L’Europa entra nella fase operativa del proprio modello sull’intelligenza artificiale con due strategie complementari: Apply AI e AI in Science. È il passaggio dal diritto alla sua applicazione, un’evoluzione che traduce l’AI Act in una politica industriale e scientifica concreta, sostenuta da un investimento di un miliardo di euro. Questa doppia iniziativa mostra l’intenzione dell’Unione Europea di affermarsi come attore protagonista nello sviluppo tecnologico globale, con un approccio basato su trasparenza, sicurezza e cooperazione.
Apply AI, il motore industriale del modello europeo
La strategia Apply AI è concepita per favorire la diffusione dell’intelligenza artificiale nei principali settori economici e pubblici europei. L’obiettivo è integrare l’AI nei processi produttivi, amministrativi e decisionali, garantendo nel contempo la conformità ai principi etici dell’Unione. Il piano copre undici aree prioritarie, tra cui sanità, energia, mobilità, difesa e cultura, e introduce strumenti pratici come le AI Factories, le sandbox regolatorie e i centri di testing avanzato. Particolare attenzione è rivolta alle piccole e medie imprese, che potranno accedere a programmi di formazione, supporto tecnico e incentivi economici. La Commissione europea istituirà inoltre un forum Apply AI Alliance, pensato come spazio di confronto pubblico-privato, e un AI Observatory per monitorare gli effetti economici e sociali dell’adozione dell’AI. I finanziamenti proverranno da programmi già attivi come Horizon Europe e Digital Europe, con la possibilità di cofinanziamento da parte degli Stati membri e dei partner industriali.
AI in Science, la rete europea della ricerca
Parallelamente, la strategia AI in Science punta a potenziare l’uso dell’intelligenza artificiale nella ricerca e nella formazione accademica. Il Joint Research Centre sarà il fulcro di questa iniziativa, che prevede la creazione di un AI Evaluation Hub per la valutazione indipendente dei modelli e di una piattaforma europea dedicata alla gestione dei dati e delle risorse computazionali. Il progetto RAISE, acronimo di Resource for AI Science in Europe, offrirà un modello collaborativo tra università, enti pubblici e imprese, favorendo interoperabilità e condivisione dei risultati. L’obiettivo è colmare il divario con Stati Uniti e Cina, rafforzando la competitività scientifica europea e garantendo al tempo stesso una governance trasparente nell’uso dell’intelligenza artificiale.
Un nuovo equilibrio tra regole e sviluppo
Le strategie Apply AI e AI in Science incarnano la visione dell’AI Act: promuovere un’innovazione responsabile e conforme ai valori europei. Per la prima volta, la regolazione si traduce in azione concreta, con misure che puntano a rendere l’Europa un polo competitivo nel panorama globale dell’intelligenza artificiale. La governance multilivello, che include forum di coordinamento, osservatori e partenariati pubblico-privati, dovrà garantire trasparenza e partecipazione. In questa cornice, l’Italia avrà un ruolo centrale nel coordinamento delle politiche industriali legate all’AI, grazie alla presenza di un tessuto imprenditoriale vivace e a un crescente interesse per la formazione digitale.
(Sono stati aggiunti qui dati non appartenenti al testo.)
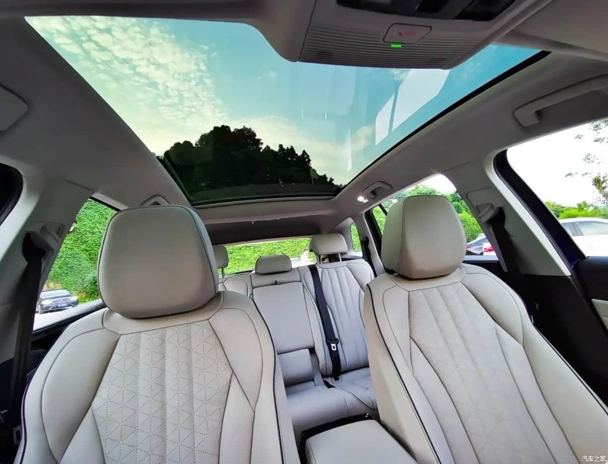 内饰一如既往的大众味,摸到的地方都是比较软的材质,再加上氛围灯的点缀简直不要太美。 自从开了大众Id6x,特别喜欢晚上开夜车,因为整个氛围看着美,心里更美啊。
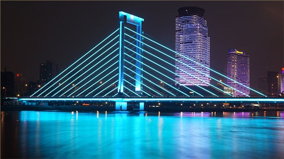 橋體照明在充分考慮岸上、橋上、車行、步行等不同人群的觀看范圍后,最終確定了照明方案,強調其景觀效果,達到視覺美學,使人們無論是在遠距離遙看,還是近距離觀看,都能夠感受到橋體所帶來的視覺美感。

L’Europa dell’AI prende forma
Con Apply AI e AI in Science, la Commissione europea segna un momento di maturità per la politica digitale del continente. Dopo aver fissato le regole, l’Unione sceglie di applicarle, costruendo infrastrutture, reti di ricerca e modelli di governance condivisi. È la dimostrazione che il diritto, se accompagnato da visione e risorse, può diventare strumento di innovazione. L’Europa scommette su un modello che unisce competitività e responsabilità, economia e valori. In un panorama dominato da modelli asiatici e americani, il continente sembra imboccare una via propria: quella dell’intelligenza artificiale come bene comune, regolato e accessibile.